While some of the churn is anticipated because of new financings, there were a number of other more unexpected reasons the directors left, such as the departing director's lack of interest or time (the two are related), and a director being asked not to return. For the latter, I heard this echoed in comments from a VC who mentioned that the outside or independent director from industry was only needed for a year and then he would replaced, sort of like he was used up. I suppose that if you're only looking to use the person's contacts then yes, he/she is easily used up in a year. However, that is exactly the problem attitude that leads to a weaker board.

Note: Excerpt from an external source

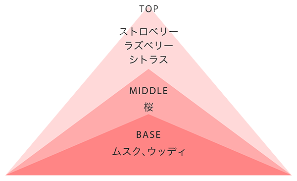 繊細な桜の花々とみずみずしいイチゴやラズベリーが調和した、春の訪れが待ち遠しくなる、さわやかで華やかな香り。

Why does high director turnover lead to weaker boards and correlate to weaker financial outcome for investors? It takes time to find a new director (months) and another chunk of time to get up to speed on the inner workings of the company and the board itself. This can be a year. More importantly, boards that feel that a short stint from a director is useful have missed the point. If someone seen as useful for a short time -- he/she is a consultant and should be hired as such. The role of a board member is not project specific. Indeed, there is a hint that such a person is somehow subordinate in that boardroom -- other reasons why SARBOX's stance on board members getting consulting contracts applies to good governance in general. The board members should form a group of peers to oversee and guide the company over the longer term, acting in the best interest of the company and all its shareholders -- more on that in another posting. This peer group is not a bunch of friends, but knows each other well enough to constructively disagree. Any departure or new arrival of a board member means a period of adjusting before the group can reach its effective level of open frank debate. And as you all know, time is of the essence for these companies.